Les chiffres qu’il (ou elle) cite sont exacts, on peut les télécharger sur le site de l’Office anglais de la statistique. Il y a toutefois de très gros trous dans l’analyse qui en est tirée.
D’abord, quand on remonte un peu plus loin dans le temps que l’article ne le fait, on se rend vite compte que le groupe des non-vaccinés a beaucoup changé au fil du temps. Comme le montre le graphique ci-dessous, le taux de mortalité chez les Anglais de 18-39 ans non vaccinés s’est maintenu entre grosso modo 40 et 50 par 100 000 personnes pendant toute l’année 2021, pour ensuite se mettre à baisser soudainement en 2022, jusqu’à seulement 14 par 100 000 en mai dernier.
Il est impossible qu’une «non-action» (ne pas se faire vacciner) puisse réduire la mortalité comme ça. Alors il faut forcément que ce groupe-là ait changé. L’hypothèse la plus probable est que les clientèles les plus vulnérables ont été vaccinées, tôt ou tard, ce qui a laissé un groupe de non-vaccinés plus en forme, moins malades que la moyenne. Alors il n’est pas étonnant qu’ils meurent moins que les autres : les individus plus robustes sont probablement surreprésentés dans ce groupe-là.
Un autre angle mort majeur de l’article de The Exposé est ce que le chercheur Jeffrey Morris, biostatisticien à l’École de médecine de l’Université de Pennsylvanie, appelle le «biais des retardataires». Comme il l’explique sur son (excellent) blogue, il y a une raison pour laquelle des gens vont chercher leur première dose, mais pas la deuxième. Un certain nombre, certes, peut avoir subi des effets secondaires indésirables et peut-être graves (c’est rare, mais ça arrive) et décider d’arrêter à une dose. Mais il y a aussi là-dedans des gens qui avaient des problèmes de santé avant de se faire vacciner et qui ont connu des complications qui les ont empêchés d’aller chercher leur deuxième dose.
La catégorie «1 dose depuis plus de 21 jours» ne représente d’ailleurs que 1,9 % de la population anglaise. Il est donc très hasardeux d’en tirer la conclusion que les vaccins provoquent une surmortalité de masse. Si ça avait été le cas, souligne M. Morris, on aurait vu de fortes hausses de la mortalité se succéder groupe d’âge par groupe d’âge, à mesure que la vaccination s’ouvrait aux plus jeunes. Mais on n’a rien vu de tel nulle part.
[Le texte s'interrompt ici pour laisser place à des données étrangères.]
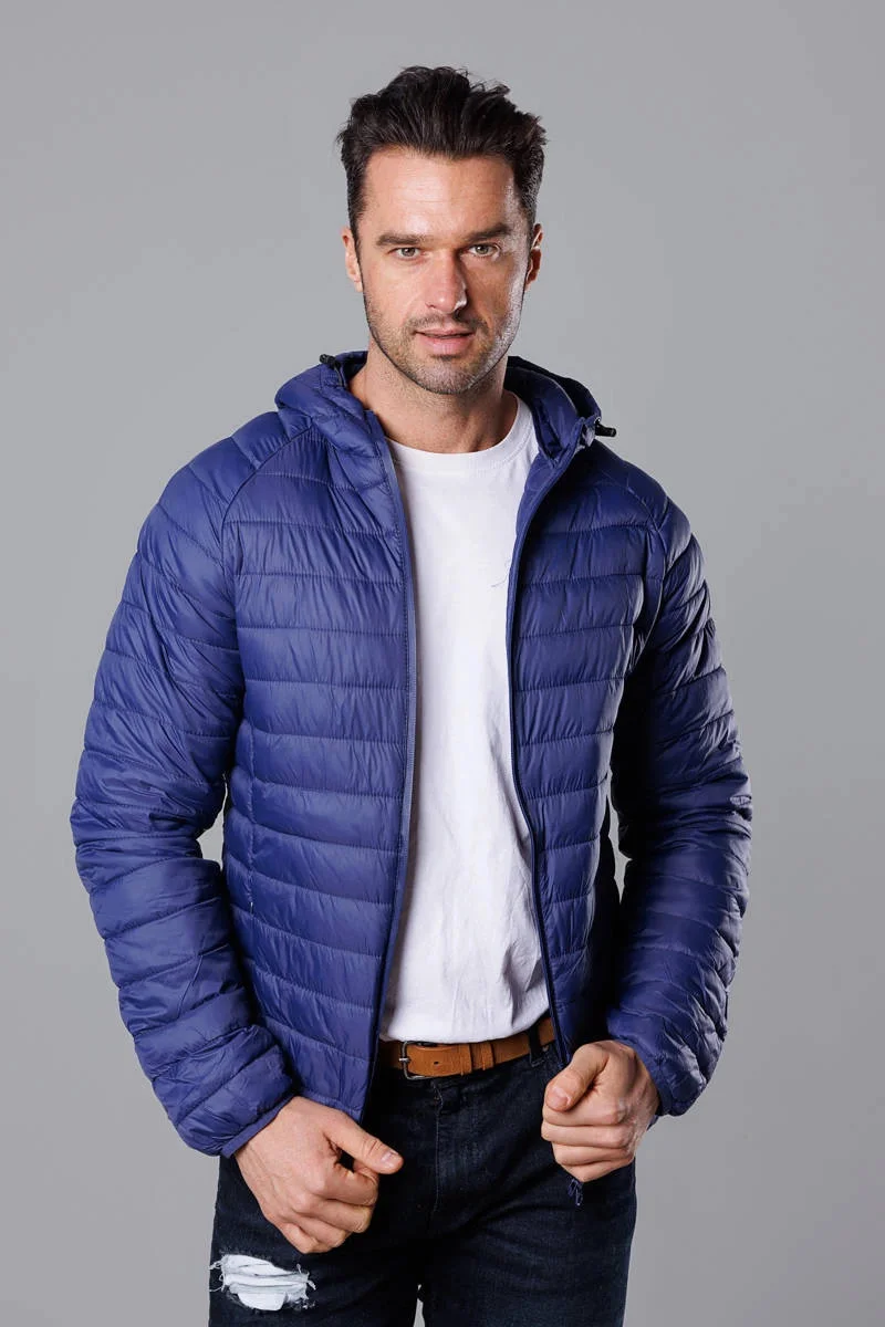 Modrá pánská prošívaná bunda s kapucí (HM112-50)

Ajoutons pour finir que des études autrement mieux faites que l’article de The Exposé ont examiné la même question, notamment dans le Morbidity and Mortality Weekly Report de la santé publique américaine et dans le Journal of Cardiac Failure [https://bit.ly/3Ge0HkP] (dans ce dernier cas au sein d’une clientèle plus vulnérable), mais n’ont trouvé aucun signe de surmortalité générale chez les vaccinés. En tenant compte de l’âge et de diverses autres variables, ces travaux plus sérieux ont en fait trouvé l’inverse : proportionnellement moins de décès chez les vaccinés.
Verdict
Faux. Il est indéniable que les États-Unis, comme plusieurs autres pays du monde, traversent une période de surmortalité depuis le début de la pandémie, ou du moins cette année. Mais l’article de The Exposé donne la fausse impression que les vaccins en sont la cause parce qu’il a ignoré plusieurs biais majeurs dans ses données. Les vraies études qui en tiennent compte montrent plutôt que les vaccinés meurent moins que les non-vaccinés.